# October Photo Comp - Winner Announced



## sbd (Aug 18, 2006)

Thanks to MYTACKLE AUSTRALIA, it's time to open the October Photo Comp. Get your photos in!

As always, entries will run until the end of the month, and winners will be decided by member's votes. This month's cutoff is Tuesday 1st November, and voting will commence shortly after. Your photograph needs to have been taken during the month of October only.

Rules refresher:
# Once everyone has entered their photos, I'll create a visual poll for eligible entries and members can select their TOP 3.
# The winner of the voting will win a a prize from MYYACKLE AUSTRALIA.
# You are permitted to enter multiple photos, but please if you are, ENTER EACH PHOTO AS A SEPARATE POST.
# Please supply a title, and a one line description of your photo, or a link to a trip report.
# Please don't use this competition as a marketing exercise to push your sponsor's product (you know who you are).
# Photos should be directly related to kayak fishing.

Other fine print:

# Only members with >50 posts AND 3 months membership will be eligible to enter the MYTACKLE AUSTRALIA Photo Comp
# Members will only be eligible to win one prize in any 12 month period. Members can however enter as many photos in as many comps as they would like.

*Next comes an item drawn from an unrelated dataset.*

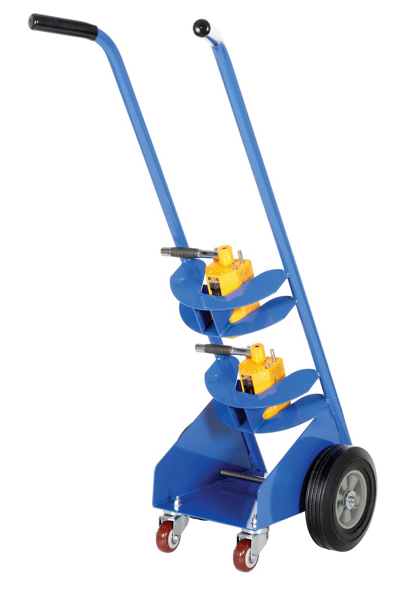 Designed and built to transport gas cylinders with ease, this hand truck uses strong magnets to hold the tanks in place. Units rolls easily on two (2) 10" x 2-1/2" rubber tires and two (2) 3" x 1-1/4" swivel casters. The tilt back design allows for effortless transportation. Baked-in powder-coated toughness.

So, without further obfuscation, let's get those shutters rolling! Time to submit your latest!


----------



## paulb (Nov 12, 2006)

Heading into the sunrise - Long Reef , Sydney


----------



## Gigantor (Jun 27, 2006)

This pic is entitled...Where I'd like to kayak fish.

Pic taken by myself at Lake Moraine, Alberta, Canada on 12 September 2011. It was the most amazing place I've been in a long time. By the end of October this lake will be frozen over. The lake contains a number of varieties of trout.

Cheers,

Pete


----------



## benno (Oct 29, 2007)

fishing out off redcliffe


----------



## Zed (Sep 18, 2006)

Tough to compete w/ these beautiful, colorful sunrise shots, but I dig this one:

_We're Gonna Need Bigger Boats_


----------



## ignoblis (Nov 23, 2006)

Ningaloo sunset. From memory I picked up a surprise flathead and flounder on this session, not the norm for Exmouth.


----------



## sbd (Aug 18, 2006)

Now voting - select your top three entries.


----------



## ignoblis (Nov 23, 2006)

Apologies all, I just read the rules and realised the photo had to be taken during the month of October. I'm gonna have to throw in the towel and I will make sure I read the fineprint next time...

Cheers,
Chris


----------



## sbd (Aug 18, 2006)

Congratulations Paul, fine work with a butt ugly model. Send me your details and the prize pigeon will be flapping your way.


----------